**Data in this exercise:**
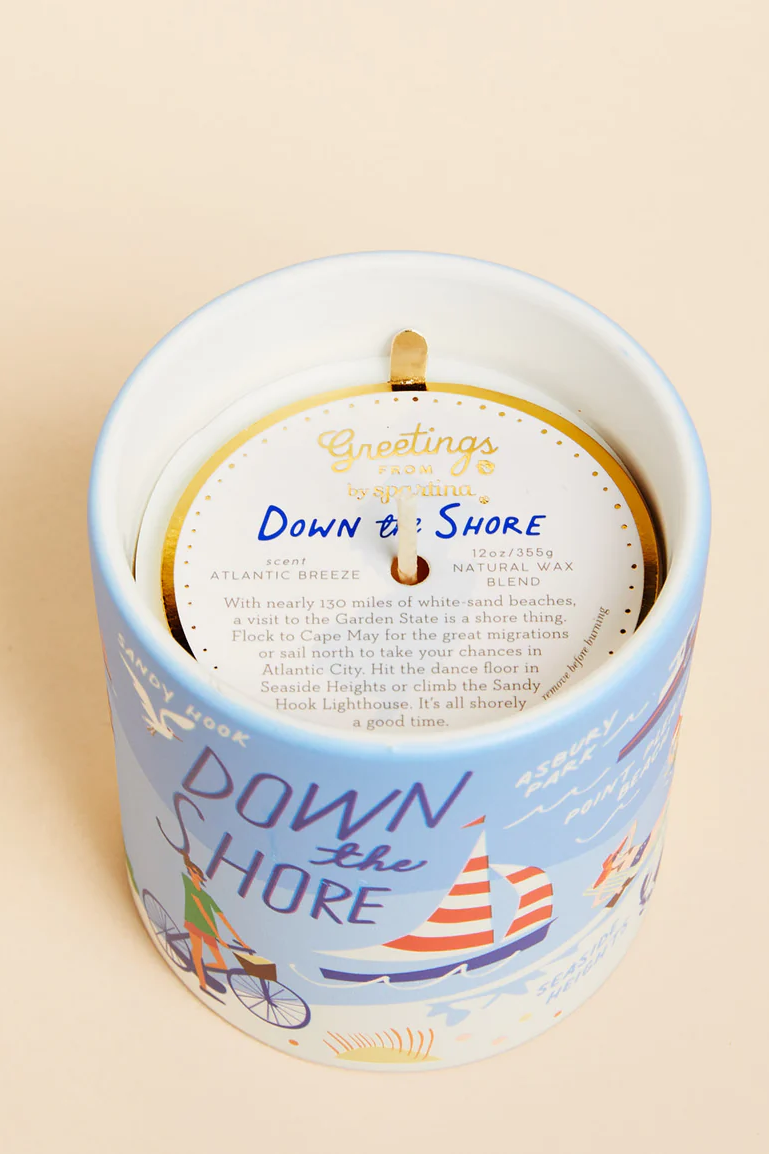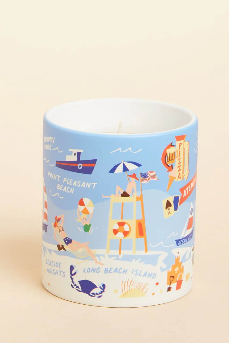 With nearly 130 miles of white-sand beaches, a visit to the Garden State is a shore thing. Flock to Cape May for the great migrations or sail north to take your chances in Atlantic City. Hit the dance floor in Seaside Heights or climb the Sandy Hook Lighthouse. It's all shorely a good time. Our Greetings From Candles burn with the fragrance of the Atlantic breeze, notes of sea salt, citrus, and coconut transporting you to the Jersey shores.
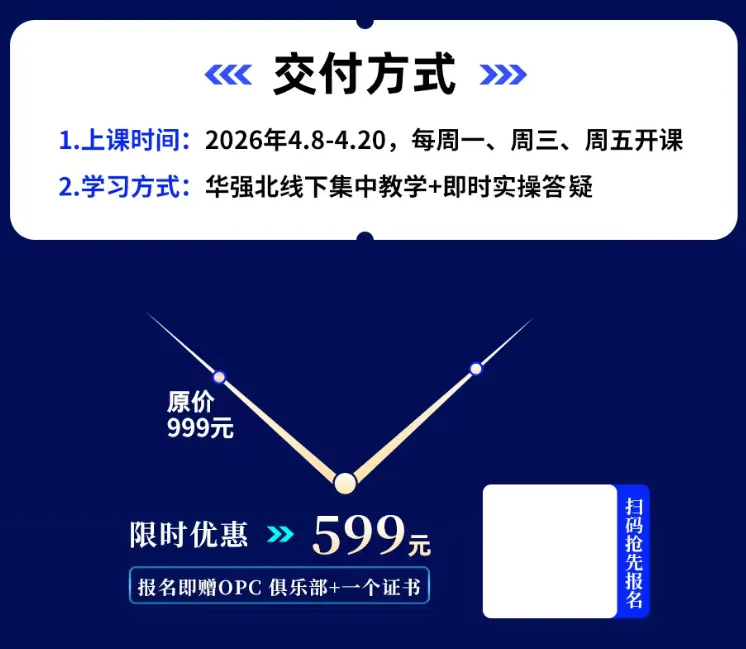 限时特惠599元,AIP朋友享受5折报名,OPC孵化基地朋友仅需押金99元即可免费参加!
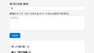 サイトツール ビンパッキング問題 自動解答サイトツール ビンパッキング問題を自動で解いてくれる無料サイトツール(ソルバー)です。箱一つの容量と、荷物のサイズを入力するだけで答えを出してくれます。上の埋め込み内でも使えますが、うまく動かない・大きなページで使いたいというときは、元のビンパッキング問... 2025.09.26 サイトツール
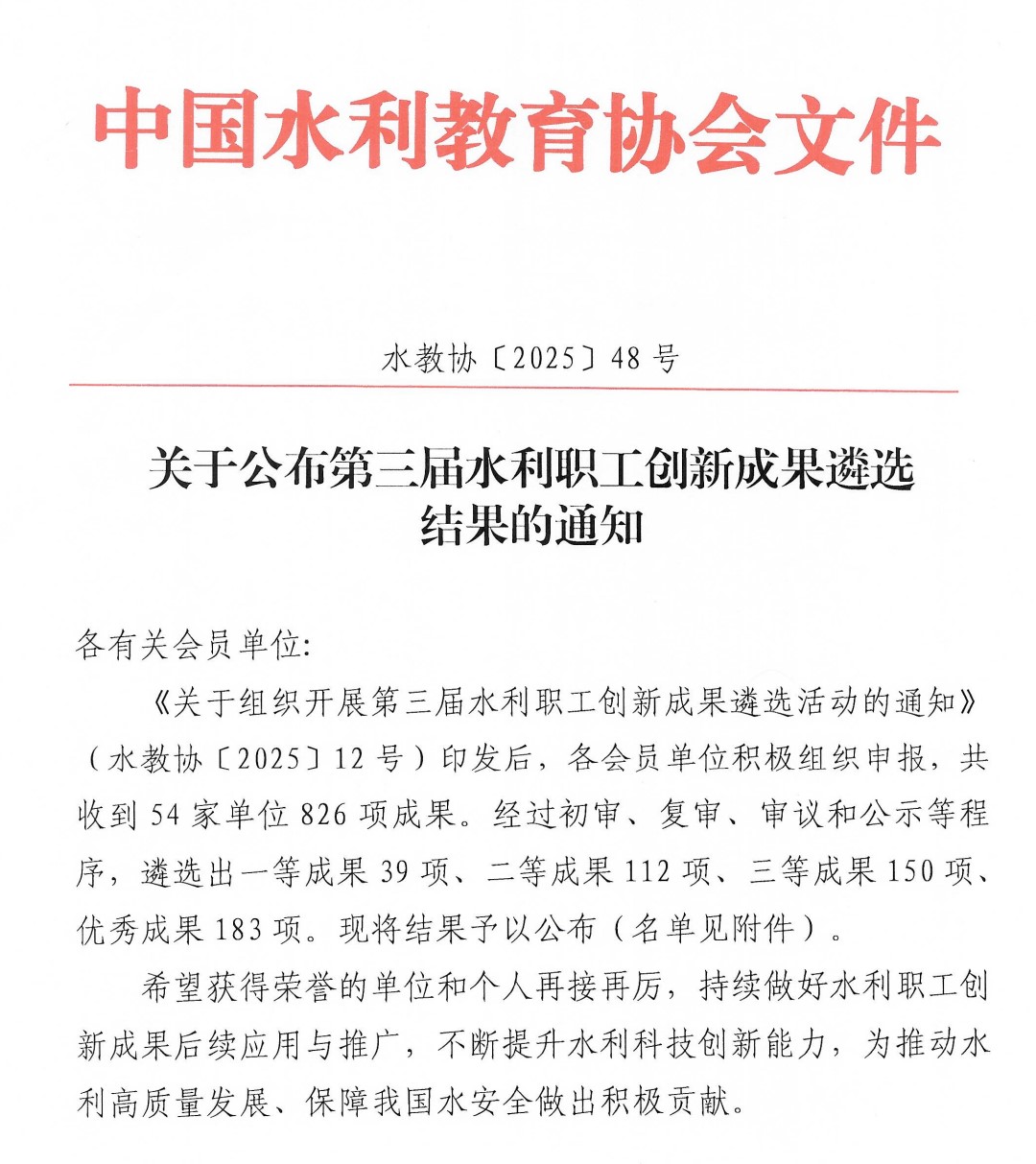 | 公司荣获第三届水利职工创新成果遴选二等成果作者:admin 来源: 日期:2025-12-29 14:14:47 人气:
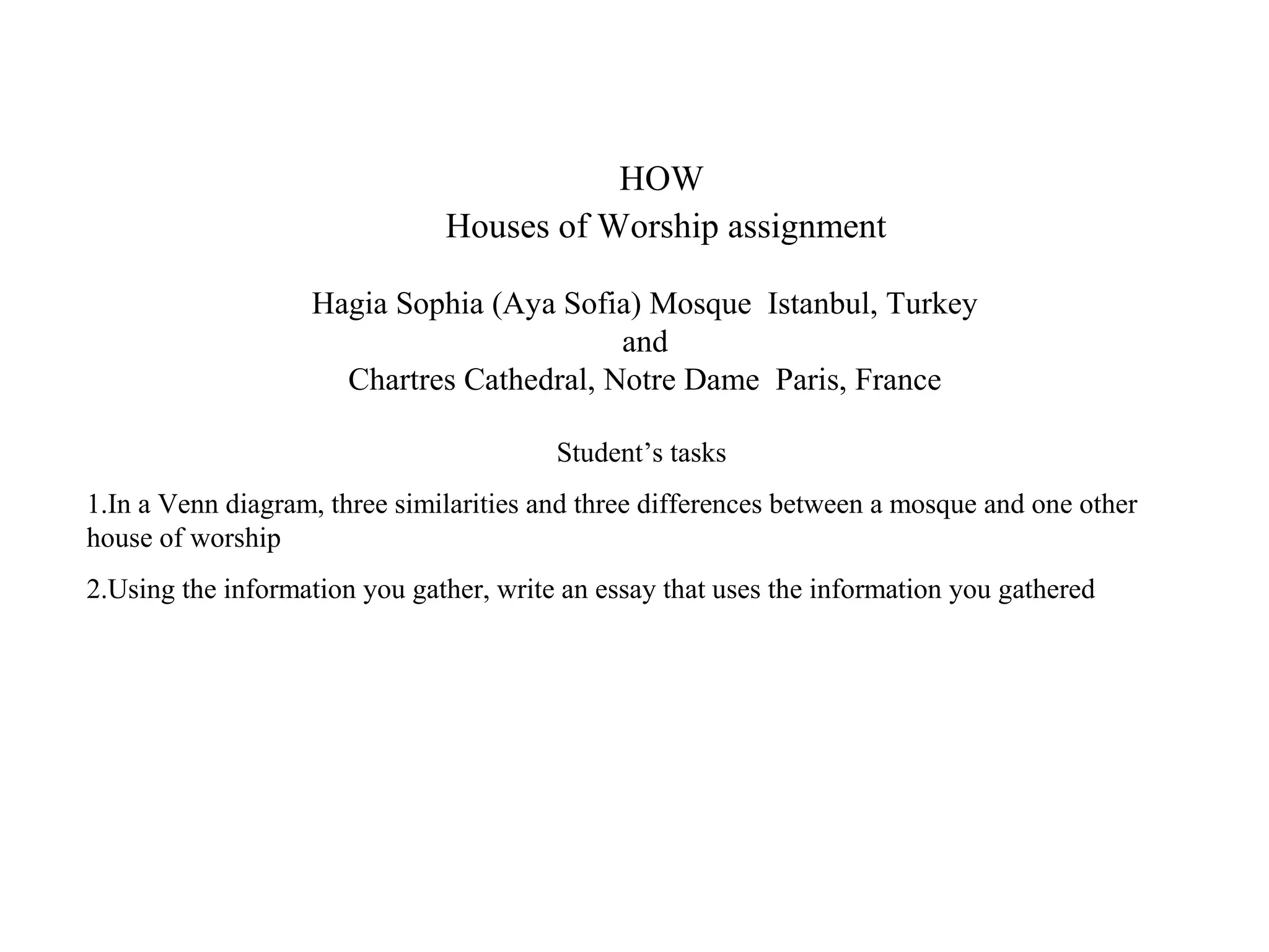 The document provides information about two important houses of worship: Hagia Sophia mosque in Istanbul, Turkey and Chartres Cathedral in Paris, France. It includes images and descriptions of the exterior and interior views of each building. The student is asked to create a Venn diagram comparing and contrasting three similarities and differences between a mosque and another house of worship. They are also asked to write an essay using the information gathered from comparing Hagia Sophia and Chartres Cathedral.

**Work item:** Repeat, with no pictures, each line from the beginning of the data through the line containing "限时特惠599元,AIP朋友", inclusive.

**Finished exercise:**
 With nearly 130 miles of white-sand beaches, a visit to the Garden State is a shore thing. Flock to Cape May for the great migrations or sail north to take your chances in Atlantic City. Hit the dance floor in Seaside Heights or climb the Sandy Hook Lighthouse. It's all shorely a good time. Our Greetings From Candles burn with the fragrance of the Atlantic breeze, notes of sea salt, citrus, and coconut transporting you to the Jersey shores.
 限时特惠599元,AIP朋友享受5折报名,OPC孵化基地朋友仅需押金99元即可免费参加!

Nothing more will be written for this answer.